Question 11
Domain 2Your production demand forecasting pipeline preprocesses raw data using Dataflow before model training and prediction. This involves applying Z-score normalization to data in BigQuery and then writing it back. With new training data added weekly, your goal is to enhance efficiency by reducing both computation time and manual effort. What steps should you take to achieve this?
Correct answer: B
Explanation
BigQuery preprocessing is explicitly in scope: the guide lists “Data preprocessing (e.g., Dataflow, TFX, BigQuery)” and emphasizes creating “repeatable, reusable code.” Translating Z-score normalization into SQL lets BigQuery do the transformation in-place, reducing Dataflow computation and weekly manual pipeline updates.

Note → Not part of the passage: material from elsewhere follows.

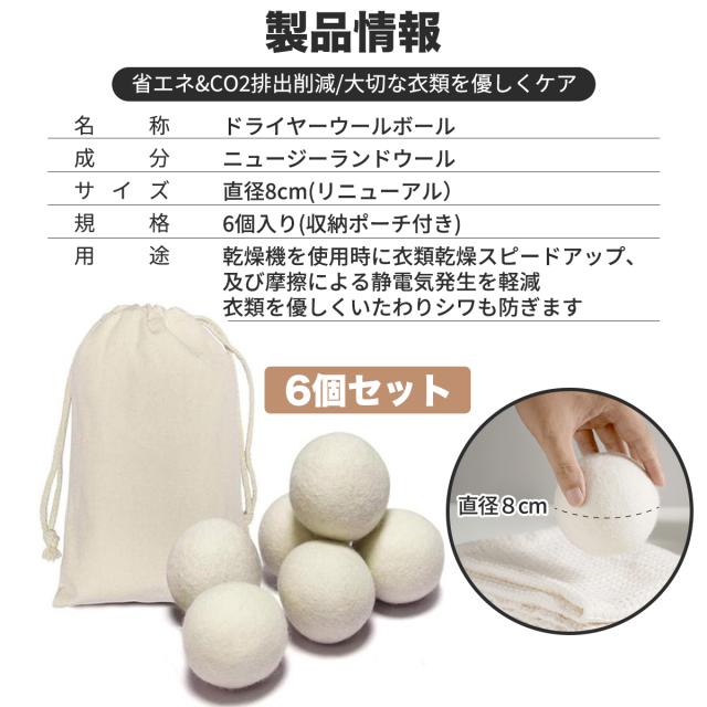 名称:ドライヤーウールボール 成分:ニュージーランドウール サイズ:直径8cm 規格:6個入り(収納ポーチ付き) 用途:乾燥機を使用時に衣類乾燥スピードアップ、及び摩擦による静電気発生を軽減。衣類を優しくいたわりシワも防ぎます |

Why each option is right or wrong
A. Normalize the data using Google Kubernetes Engine.
B. Translate the normalization algorithm into SQL for use with BigQuery.
Section 2.1 of the exam guide explicitly includes BigQuery as a valid preprocessing environment, alongside Dataflow and TFX, so moving the Z-score step into BigQuery is within scope. Because the guide also stresses creating “repeatable, reusable code,” expressing the normalization as SQL removes the weekly Dataflow rewrite/redeploy cycle and lets the transformation run in-place on the updated BigQuery table, cutting both compute overhead and manual maintenance.
C. Use the normalizer_fn argument in TensorFlow's Feature Column API.
D. Normalize the data with Apache Spark using the Dataproc connector for BigQuery.